Assignment.
What is needed is an exact copy of the lines in the listing below, from the one with "Serviceradio. Week-end Radio." up to and including the one with "탈시설 초기정착금과 장애여성", with no other lines.

BEGIN Data for processing

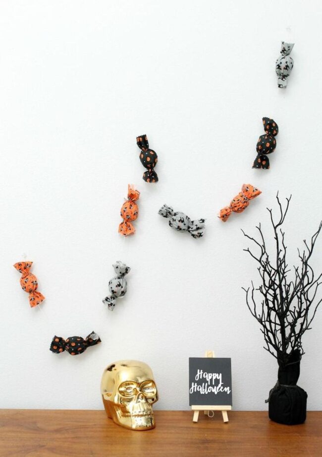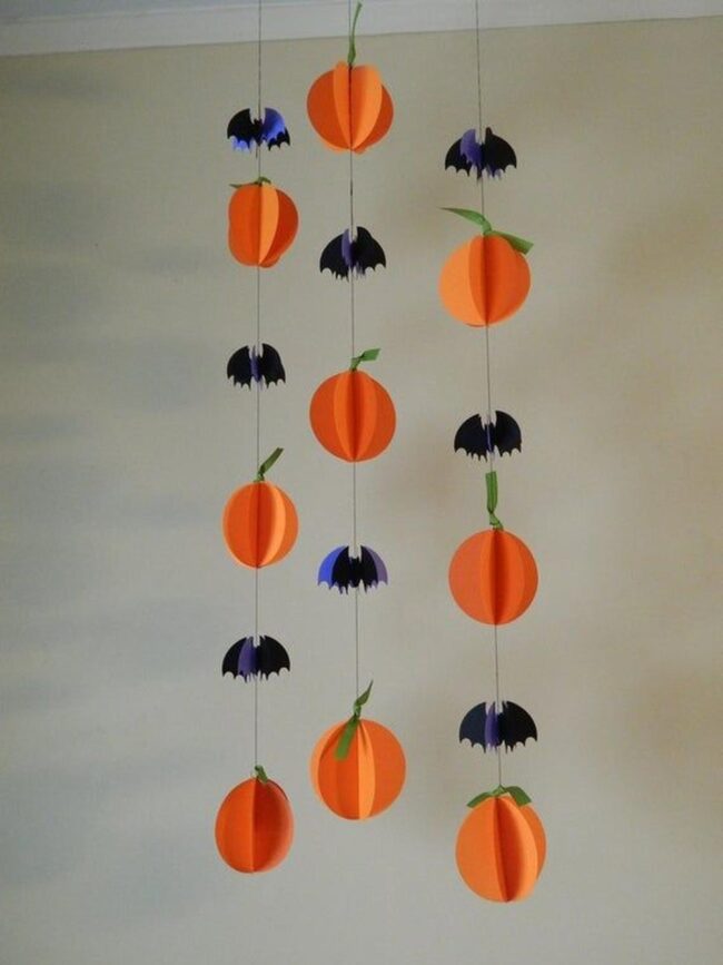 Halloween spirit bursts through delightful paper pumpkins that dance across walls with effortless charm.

END Data for processing
BEGIN Data for processing

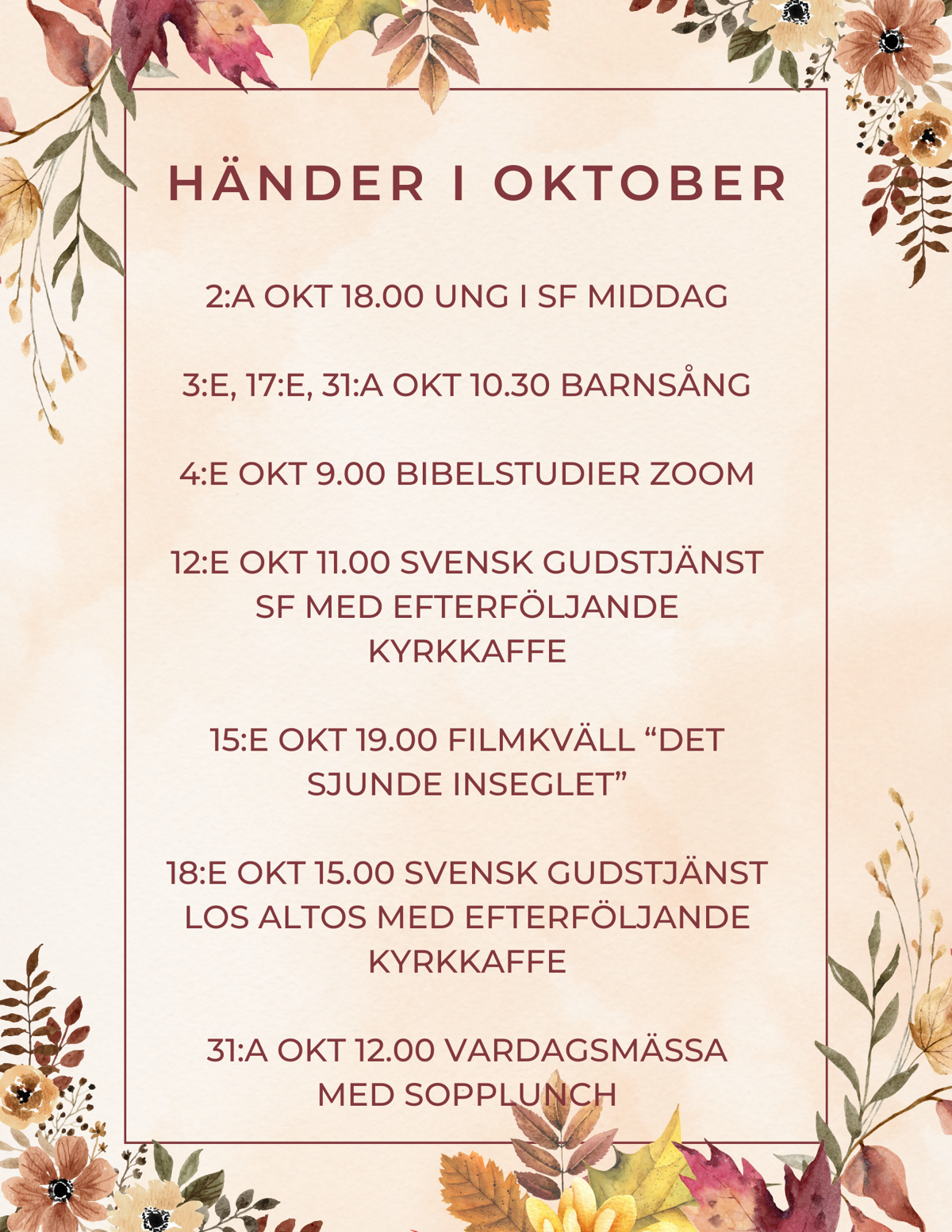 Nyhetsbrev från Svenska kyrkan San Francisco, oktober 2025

END Data for processing
BEGIN Data for processing

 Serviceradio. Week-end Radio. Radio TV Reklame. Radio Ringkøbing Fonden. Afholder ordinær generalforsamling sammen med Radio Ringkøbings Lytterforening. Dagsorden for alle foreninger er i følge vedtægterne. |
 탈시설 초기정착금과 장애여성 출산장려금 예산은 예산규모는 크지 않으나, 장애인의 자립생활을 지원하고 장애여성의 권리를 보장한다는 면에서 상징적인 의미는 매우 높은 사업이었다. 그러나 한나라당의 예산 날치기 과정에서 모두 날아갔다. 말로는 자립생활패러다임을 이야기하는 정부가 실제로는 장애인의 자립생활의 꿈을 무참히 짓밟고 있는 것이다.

END Data for processing

Result for this task.
 Serviceradio. Week-end Radio. Radio TV Reklame. Radio Ringkøbing Fonden. Afholder ordinær generalforsamling sammen med Radio Ringkøbings Lytterforening. Dagsorden for alle foreninger er i følge vedtægterne. |
 탈시설 초기정착금과 장애여성 출산장려금 예산은 예산규모는 크지 않으나, 장애인의 자립생활을 지원하고 장애여성의 권리를 보장한다는 면에서 상징적인 의미는 매우 높은 사업이었다. 그러나 한나라당의 예산 날치기 과정에서 모두 날아갔다. 말로는 자립생활패러다임을 이야기하는 정부가 실제로는 장애인의 자립생활의 꿈을 무참히 짓밟고 있는 것이다.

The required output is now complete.